**Data provided**:
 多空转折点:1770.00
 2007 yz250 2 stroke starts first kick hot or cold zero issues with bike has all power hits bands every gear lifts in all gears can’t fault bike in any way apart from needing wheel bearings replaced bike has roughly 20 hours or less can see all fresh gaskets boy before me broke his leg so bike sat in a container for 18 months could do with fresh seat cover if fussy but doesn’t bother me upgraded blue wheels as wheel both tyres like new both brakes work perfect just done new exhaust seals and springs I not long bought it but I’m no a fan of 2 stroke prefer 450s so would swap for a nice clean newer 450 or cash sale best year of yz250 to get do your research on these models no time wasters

...

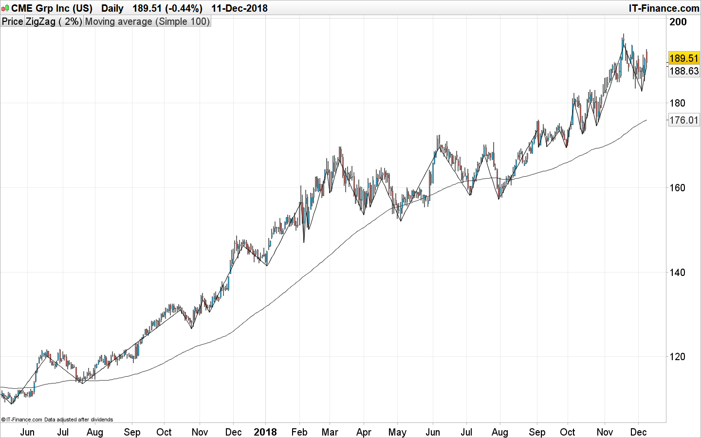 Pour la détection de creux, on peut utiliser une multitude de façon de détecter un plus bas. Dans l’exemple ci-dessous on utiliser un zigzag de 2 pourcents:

...

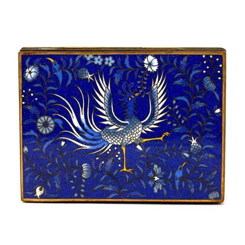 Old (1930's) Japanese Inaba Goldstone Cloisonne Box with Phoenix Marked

**Description of the task**:
A verbatim transcription is needed of the lines above, starting at the line with "多空转折点:1770.00" and ending at the line with "2007 yz250 2", both included, and of nothing else.

**Task response**:
 多空转折点:1770.00
 2007 yz250 2 stroke starts first kick hot or cold zero issues with bike has all power hits bands every gear lifts in all gears can’t fault bike in any way apart from needing wheel bearings replaced bike has roughly 20 hours or less can see all fresh gaskets boy before me broke his leg so bike sat in a container for 18 months could do with fresh seat cover if fussy but doesn’t bother me upgraded blue wheels as wheel both tyres like new both brakes work perfect just done new exhaust seals and springs I not long bought it but I’m no a fan of 2 stroke prefer 450s so would swap for a nice clean newer 450 or cash sale best year of yz250 to get do your research on these models no time wasters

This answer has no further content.